И вдруг – неожиданное отрезвление. На одной из картин все было до боли знакомо – руины зданий, пламя, клубы дыма, багровые облака, фигурки людей и множество безобразных тварей – должно быть, мутантов. Франц прочел подпись: "Иероним Босх. Воз с сеном. Правая часть триптиха "Ад". Сена никакого на картине не было, и слово "ад" было непонятно, но не это, а некое другое несоответствие заставило Франца призадуматься. Он уже хотел было задать вопрос Лейтенанту, но тут дверь распахнулась, и в комнату ворвался Доктор. Он был бодр и в прекрасном расположении духа. В руках большой термос уникальная вещь, пережившая Красную Черту. Доктор им очень дорожил.

– Добрый вечер, молодые люди, добрый вечер, Петр! Прекрасная компания собралась, вот и отлично, сейчас чай пить будем.

Лейтенант буркнул: "Привет, Адам" – и отложил в сторону альбом,

Щур-Толмач захлопнул брошюрку и сделал шаг вперед. По лицу Толмача было видно, что "полтора человека" принял какое-то решение.

Франц его опередил:

– Доктор, можно вопрос?

– Давай, сынок, что у тебя там?

Франц ткнул пальцем в картину Босха:

– Доктор, разве бывают цветные фотографии? Ведь это фотография?

– Нет, Франц, это не фотография. Это работа художника.

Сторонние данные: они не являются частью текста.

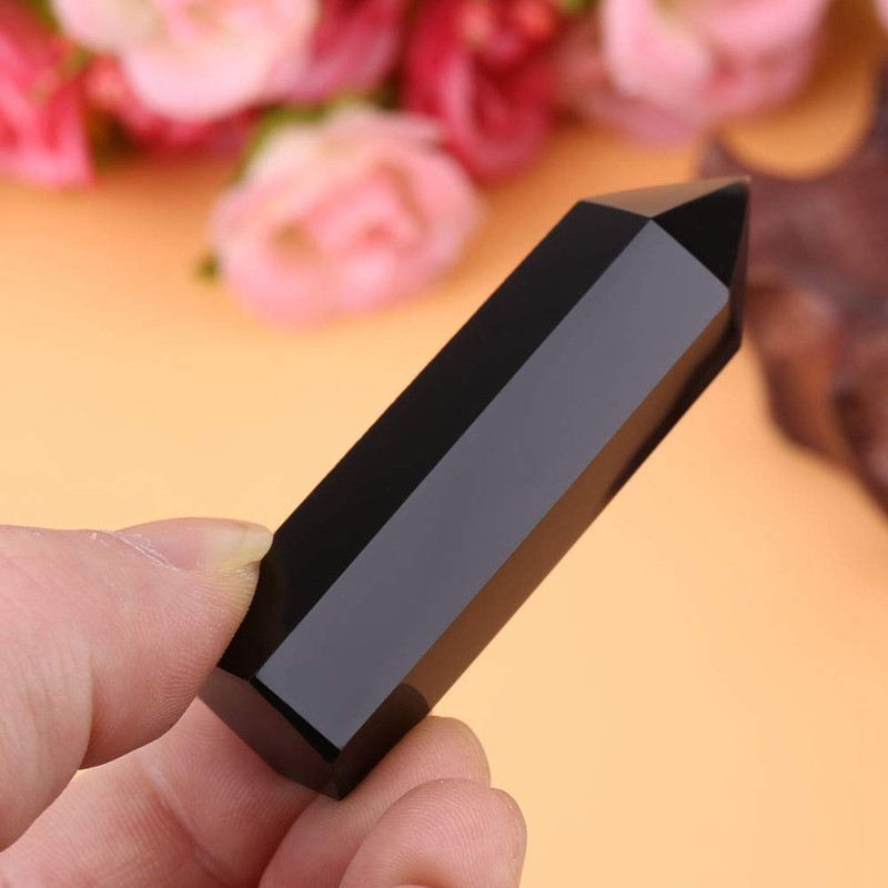 - 6 faced black obsidian – beautiful hexagonal design and a dot on the top. Expert cutting 6 facets very high-quality natural stone crystal rod

Это... м-м... нарисовано.

– Как нарисовано?! Разве можно так нарисовать?

Знакомство Франца с изобразительным искусством ограничивалось рисунками, сделанными мелом на каменных стенах.

– Видишь ли, Франц, сейчас такое, конечно, никто не сможет сделать. Но до Красной Черты были люди, которых обучали этому искусству. У них были особые краски, свои приемы... вот так...

– А мутанты? Как они оказались в картине? Вы же сами говорили нам, что они появились уже позже Красной Черты?

Лейтенант коротко рассмеялся. Доктор растерянно смотрел на Франца. Наконец он собрался с мыслями.

– Видишь ли, Франц, этот человек жил задолго до Красной Черты. Он ее и не видел. Он... ну, фантазировал, что ли... Понимаешь?

Франц ничего не понял, но на всякий случай кивнул.

Доктор явно не хотел продолжения разговора.

– Ну что же мы, право? Давайте, наконец, чай пить... Чай, чай...

Щур-Толмач разинул рот, намереваясь, что-то сказать, но передумал.

Доктор засуетился, выставляя на стол разнокалиберные чашки, кувшинчик с вареньем из ягод верасники, холодные, уже слегка черствые лепешки. Когда все расселись вокруг стопа, он отвинтил колпачок термоса, извлек пробку (из горлышка пошел парок) и разлил ароматный напиток по чашкам.

Чай пили в молчании, не спеша, вдумчиво, макая лепешки в кувшинчик с вареньем. В мире Франца к еде люди относились серьезно.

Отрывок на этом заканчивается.